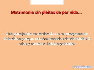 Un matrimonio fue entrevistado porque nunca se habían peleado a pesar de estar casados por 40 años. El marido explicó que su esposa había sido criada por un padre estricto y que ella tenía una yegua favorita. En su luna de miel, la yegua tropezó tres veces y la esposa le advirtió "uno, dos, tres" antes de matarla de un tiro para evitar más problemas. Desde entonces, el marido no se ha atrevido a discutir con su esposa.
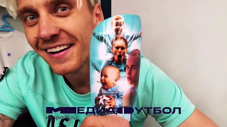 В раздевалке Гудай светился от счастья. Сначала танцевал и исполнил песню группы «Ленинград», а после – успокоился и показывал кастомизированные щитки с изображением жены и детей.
__________
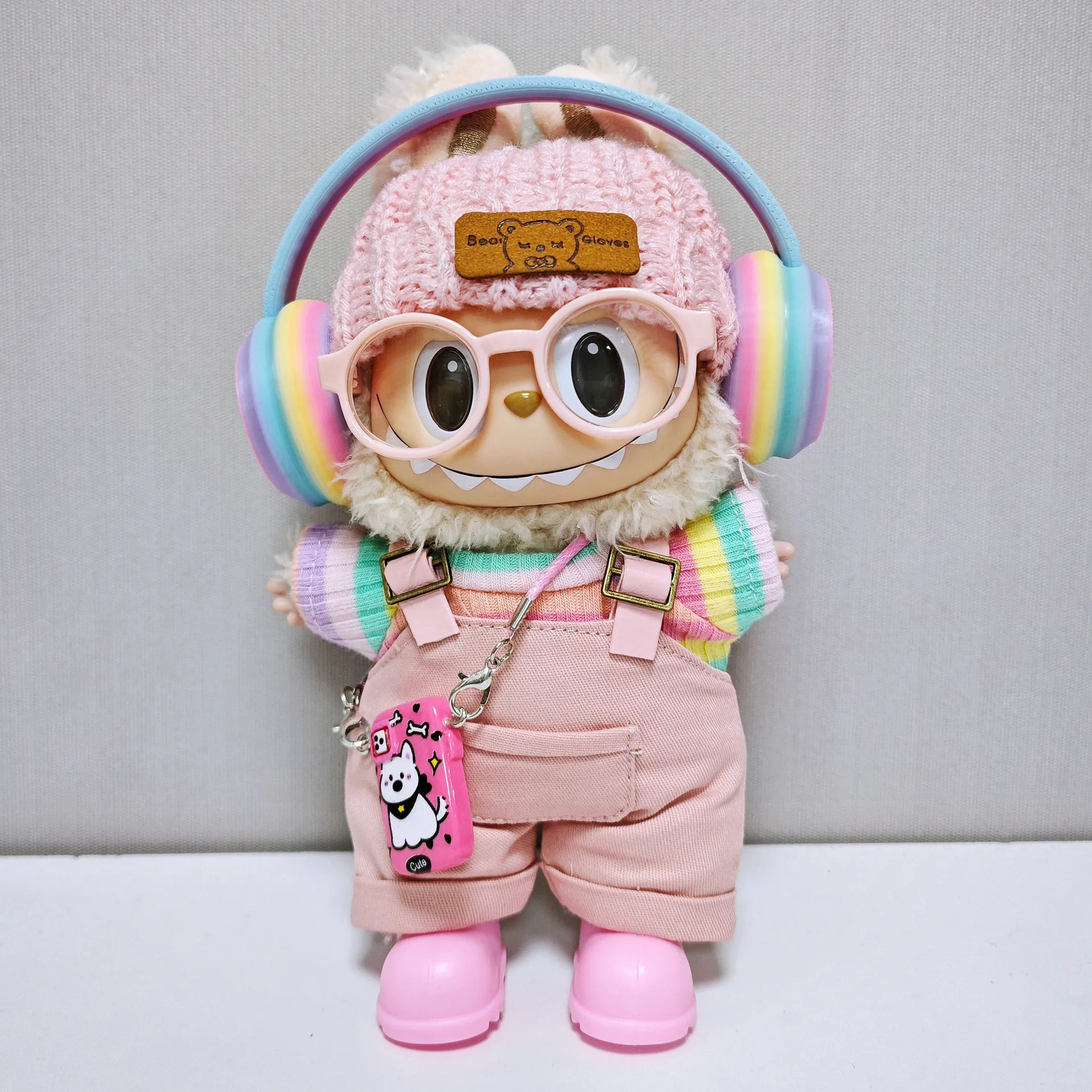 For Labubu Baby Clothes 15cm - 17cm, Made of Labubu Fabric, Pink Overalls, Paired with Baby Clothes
__________
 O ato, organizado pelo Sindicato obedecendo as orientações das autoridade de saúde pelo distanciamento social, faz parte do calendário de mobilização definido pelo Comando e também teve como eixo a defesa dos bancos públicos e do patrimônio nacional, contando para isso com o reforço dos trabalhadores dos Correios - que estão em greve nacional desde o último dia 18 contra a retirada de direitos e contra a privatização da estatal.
__________
* [TASK PROMPT] The lines to reproduce run from the one above containing "Un matrimonio fue" through the one containing "В раздевалке Гудай". Copy them exactly and leave out all pictures.

* [TASK OUTPUT]
 Un matrimonio fue entrevistado porque nunca se habían peleado a pesar de estar casados por 40 años. El marido explicó que su esposa había sido criada por un padre estricto y que ella tenía una yegua favorita. En su luna de miel, la yegua tropezó tres veces y la esposa le advirtió "uno, dos, tres" antes de matarla de un tiro para evitar más problemas. Desde entonces, el marido no se ha atrevido a discutir con su esposa.
 В раздевалке Гудай светился от счастья. Сначала танцевал и исполнил песню группы «Ленинград», а после – успокоился и показывал кастомизированные щитки с изображением жены и детей.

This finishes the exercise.